It’s no secret that I’m not very good at this whole being-a-grown-up thing. Occasionally I pay a bill late because I forget to open my mail for a week or two. Sometimes I go to work looking like I got dressed in the dark because… I did. And I’m still trying to figure out why books and beer are usually higher on my list of expenses than, say, food and clothing.
But one thing I’m really bad at is being in an “adult” relationship. Because I haven’t really ever done it. The only things I know about dating in your mid-twenties I either learned from my friends (who are mostly in long-term relationships that started with a random drunken college make-out) or movies. So, basically, movies. Which is why I got really nervous about my mom and my brother coming to visit this past weekend. Clearly, I want Brad to meet the fam, but if there’s anything Hollywood’s told me, it’s that meeting someone’s parents is a huge deal. Even if I don’t think it is.
So I talked to Brad about it last week. I tried to play it cool – Hey, I would love for you to meet my family, but I totally understand if it’s a little overwhelming to meet them so soon…blah blah blah. And of course he wasn’t worried at all. He said he definitely wanted to meet them, I just needed to tell him when and where to show up. So I made plans for my mom, Pete, Brad, and I to have drinks together on Saturday night.

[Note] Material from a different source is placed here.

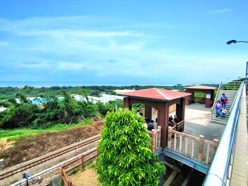 ▼上頭是一個大大的木製平台,往下俯瞰就是鐵道與海岸,天氣好的話應該會看到不錯的風景!

One of my mom’s best friends from college, Marty, just recently moved to Portland, so she was excited to stay with him for the weekend. Pete was going to stay at my apartment on the floor, because Brian’s (awesome) friend Kim was in town and had dibs on the couch, but I decided to stay at Brad’s instead and give Pete the bed. My mom got in late Friday night, so Marty picked her up at the train station and she said she’d call me for breakfast on Saturday morning.
Bright and early Saturday morning, I got a call from my brother saying my mom had called about breakfast and he didn’t know whether it was okay to tell her that I wasn’t actually at my apartment with him. I called her back and told her I had stayed at Brad’s, since there were so many people staying at my apartment and this way Pete didn’t have to sleep on the floor or share a bed with his 25-year-old sister. She responded, “Meg, there are about a million reasons for you to stay at Brad’s, and that is the least of them.”
I told her she and Marty should go pick up Pete and go to breakfast and I’d meet them there. Brad had to drive me home and get his bike, plus I needed to shower and get ready. So, we drove to my apartment and were hugging goodbye in front of the entrance when I looked across the street and saw my mom and Marty, standing in the Park Blocks, waving and giggling at us.
Now, one thing I haven’t told you about Marty is that he’s a photographer. He never leaves home without at least one camera. So he wasted no time in picking up the one around his neck and snapping a few “paparazzi” shots of us.
This was me, being embarrassed and explaining to Brad that he didn’t get to wait until that night to meet my mom. Turns out he was actually excited to see her. I was the only one who was mortified.
Moral of the story: I’m awkward. Brad’s not. My family loved him. And I look absolutely terrible in the mornings.